*** Input for this task ***

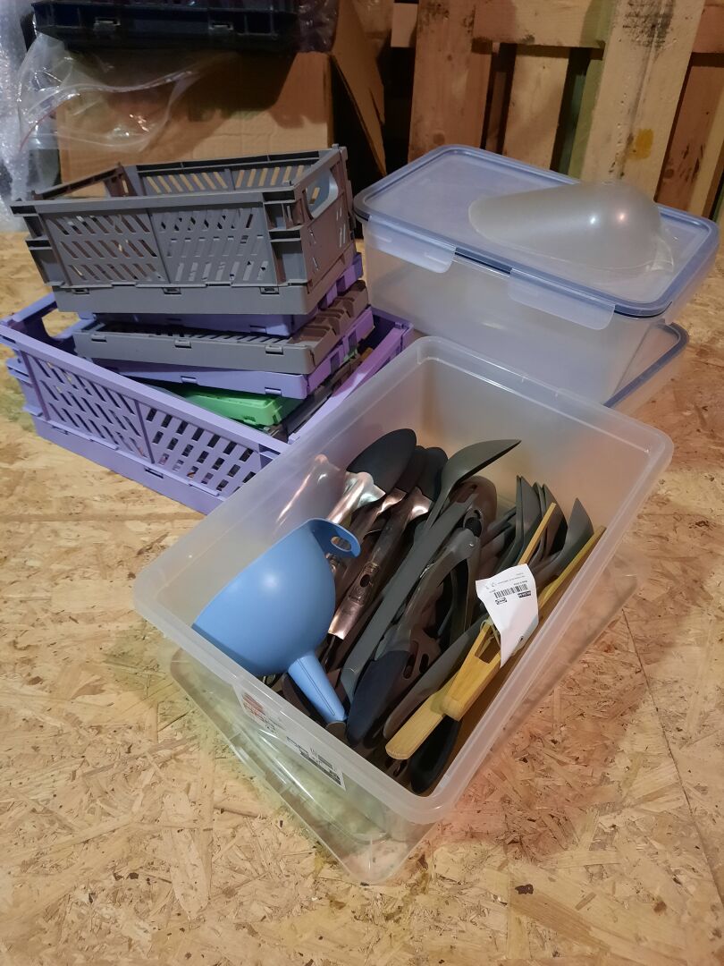 Petit lot d’ustensiles de cuisine dont pinces, cuillères, entonnoirs, caisses en pvc
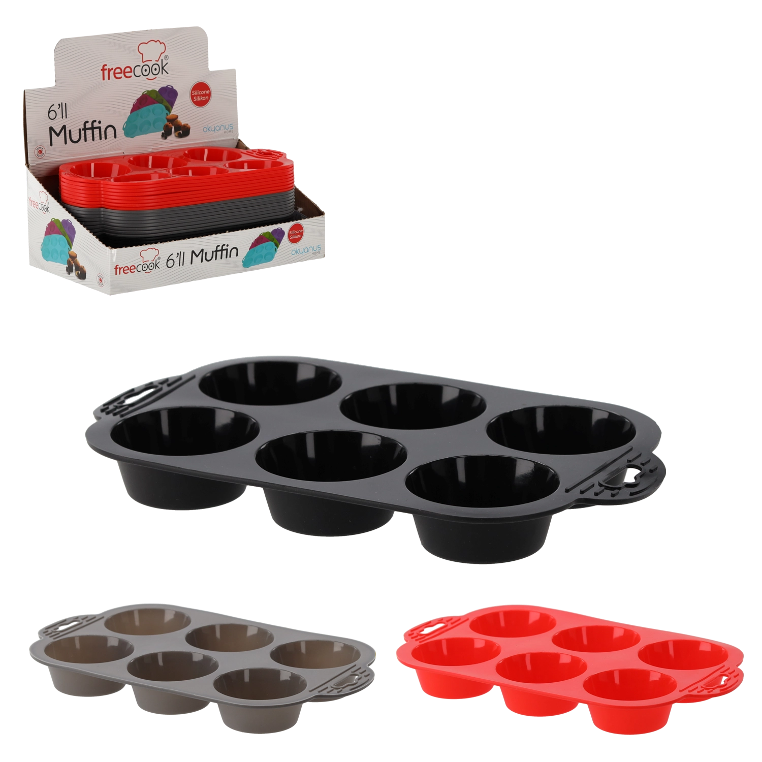 Moule à muffins en silicone avec 6 cavités et poignées latérales
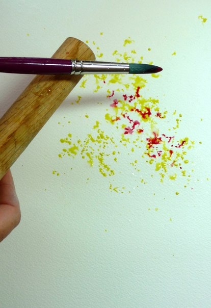 Техника "НАБРЫЗГ", но можно смять произвольно кусок бумаги или газеты и таким"тампоном" шлепать по бумаге.Не только дерево, но и цветущий луг красиво получится.Фантазируйте!!!
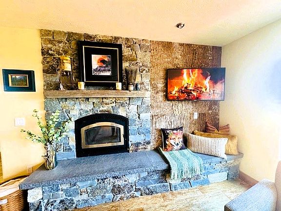 Heated garageCustom stone fireplaceWalk in showerBeautifully renovated homeAir conditioningSoaking tubTimeless charm
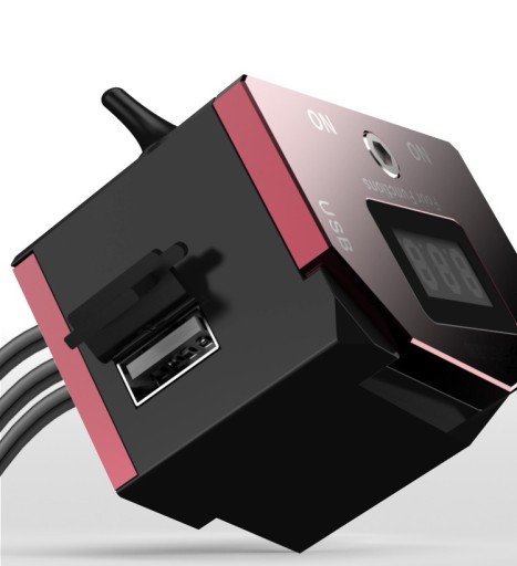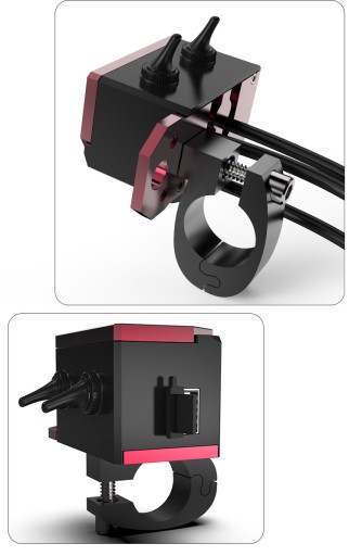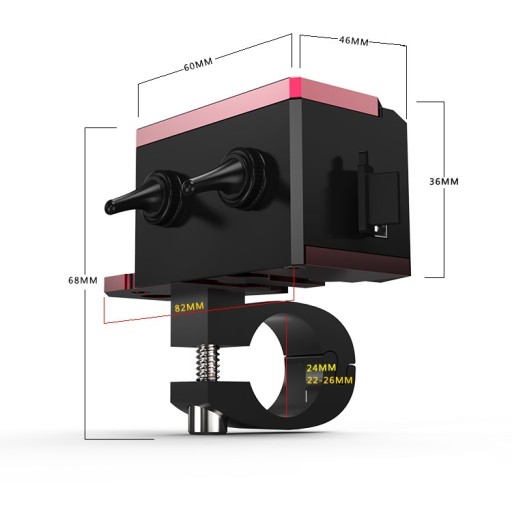 PRZEŁĄCZNIK PODWÓJNY Z WOLTOMIERZEM I ŁADOWARKĄ USB ,DO MOTOCYKLA Z OBEJMĄ NA KIEROWNICĘ 22-25 MM I UCHWYTEM DO MONTAŻU NP POD LUSTERKIEM ,WYKONANY Z ALUMINIUM. WYMIARY PODANE NA ZDJĘCIU.
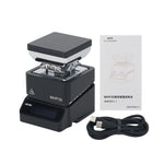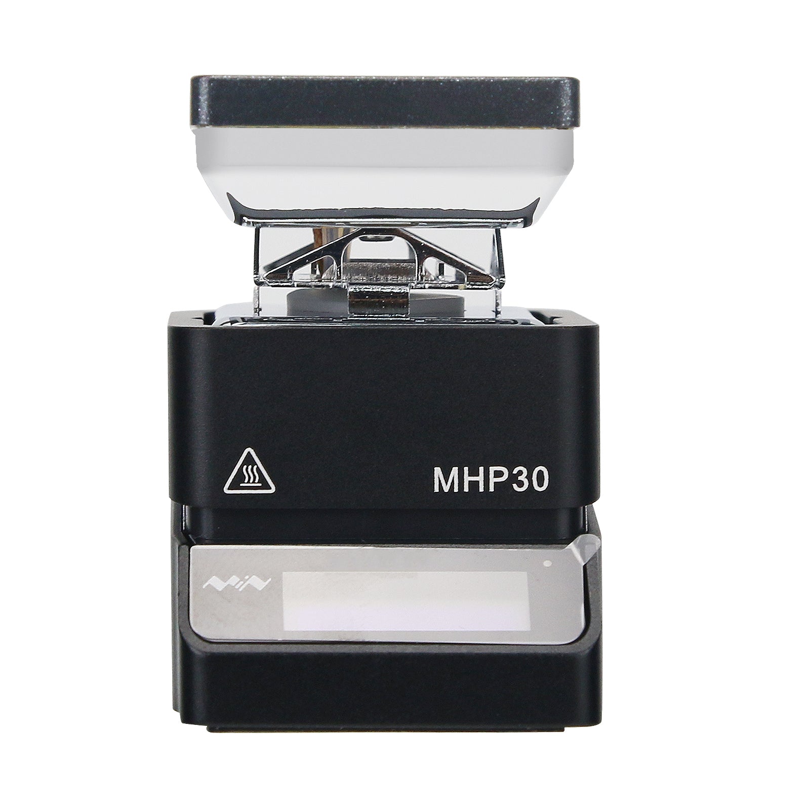 MHP30 has a small and exquisite appearance, with a square tower shape and a total height of only 5.2cm (2 inches). MHP30 controller and hot plate can be flexibly separated and replaced. The controller is equipped with an OLED display and two physical buttons (on the back). A pair of support feet at the bottom can be spread out to better support the whole station. The hot plate's heating body is made of brass with nano-ceramic coating, smooth on surface and evenly heated. A futuristic stainless steel hollow bracket connects the heating part with the circuit board that can be directly inserted into the controller.
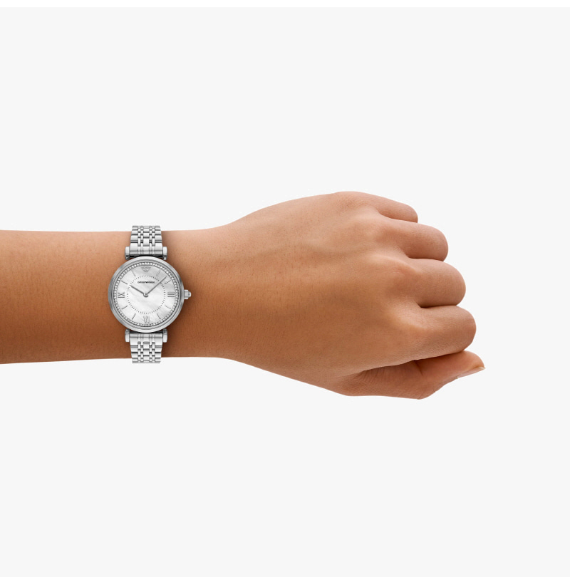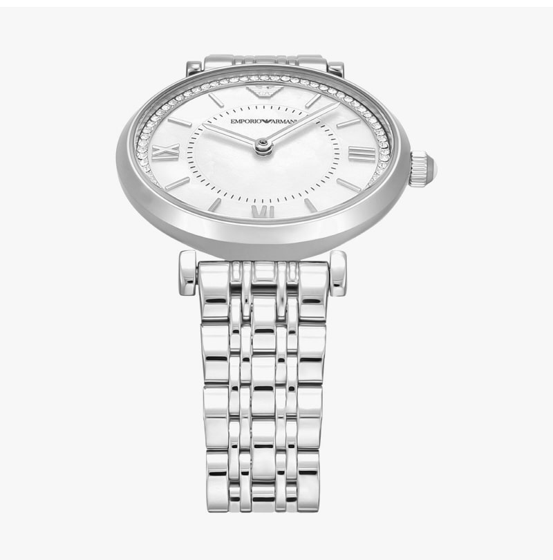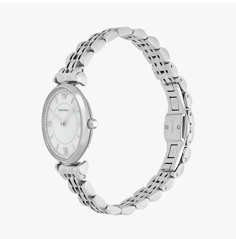 (W) Emporio Armani Gianni 32mm Metal Watch Mother of Pearl Silver

*** End of Input for this task ***

**Task goal**
Leaving the pictures out, transcribe the entries above exactly as written.

**Response below**
 Petit lot d’ustensiles de cuisine dont pinces, cuillères, entonnoirs, caisses en pvc
 Moule à muffins en silicone avec 6 cavités et poignées latérales
 Техника "НАБРЫЗГ", но можно смять произвольно кусок бумаги или газеты и таким"тампоном" шлепать по бумаге.Не только дерево, но и цветущий луг красиво получится.Фантазируйте!!!
 Heated garageCustom stone fireplaceWalk in showerBeautifully renovated homeAir conditioningSoaking tubTimeless charm
 PRZEŁĄCZNIK PODWÓJNY Z WOLTOMIERZEM I ŁADOWARKĄ USB ,DO MOTOCYKLA Z OBEJMĄ NA KIEROWNICĘ 22-25 MM I UCHWYTEM DO MONTAŻU NP POD LUSTERKIEM ,WYKONANY Z ALUMINIUM. WYMIARY PODANE NA ZDJĘCIU.
 MHP30 has a small and exquisite appearance, with a square tower shape and a total height of only 5.2cm (2 inches). MHP30 controller and hot plate can be flexibly separated and replaced. The controller is equipped with an OLED display and two physical buttons (on the back). A pair of support feet at the bottom can be spread out to better support the whole station. The hot plate's heating body is made of brass with nano-ceramic coating, smooth on surface and evenly heated. A futuristic stainless steel hollow bracket connects the heating part with the circuit board that can be directly inserted into the controller.
 (W) Emporio Armani Gianni 32mm Metal Watch Mother of Pearl Silver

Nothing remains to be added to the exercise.